To some extent, all answers are estimates. It's just that some are more accurate than others. So the first question you have to ask yourself when someone asks you for an estimate is the context in which your answer will be taken. Do they need high accuracy, or are they looking for a ballpark figure?
-
If your grandmother asks when you will arrive , she's probably wondering whether to make you lunch or dinner. On the other hand, a diver trapped underwater and running out of air is probably interested in an answer down to the second.
-
What's the value of p? If you're wondering how much edging to buy to put around a circular flower bed, then "3" is probably good enough. [10] If you're in school, then maybe "22/7" is a good approximation . If you're in NASA, then maybe 12 decimal places will do.
[10] "3" is also apparently good enough if you are a legislator. In 1897, Indiana State Legislature House Bill No. 246 attempted to decree that henceforth p should have the value of "3". The Bill was tabled indefinitely at its second reading when a mathematics professor pointed out that their powers did not quite extend to passing laws of nature.
One of the interesting things about estimating is that the units you use make a difference in the interpretation of the result. If you say that something will take about 130 working days, then people will be expecting it to come in pretty close. However, if you say "Oh, about six months," then they know to look for it any time between five and seven months from now. Both numbers represent the same duration, but "130 days" probably implies a higher degree of accuracy than you feel. We recommend that you scale time estimates as follows :
Duration | Quote estimate in |
---|---|
1-15 days | days |
3-8 weeks | weeks |
8-30 weeks | months |
30+ weeks | think hard before giving an estimate |
So, if after doing all the necessary work, you decide that a project will take 125 working days (25 weeks), you might want to deliver an estimate of "about six months."

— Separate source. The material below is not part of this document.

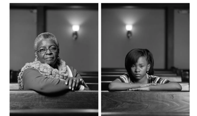
'SOUL OF A NATION' OPENS IN NEW YORK WHERE MANY OF THE EXHIBITION ARTISTS WERE ACTIVE DURING THE CIVIL RIGHTS, BLACK POWER ERAS

The same concepts apply to estimates of any quantity: choose the units of your answer to reflect the accuracy you intend to convey .
Where Do Estimates Come From?
All estimates are based on models of the problem. But before we get too deeply into the techniques of building models, we have to mention a basic estimating trick that always gives good answers: ask someone who's already done it. Before you get too committed to model building, cast around for someone who's been in a similar situation in the past.
See how their problem got solved . It's unlikely you'll ever find an exact match, but you'd be surprised how many times you can successfully draw on other's experiences.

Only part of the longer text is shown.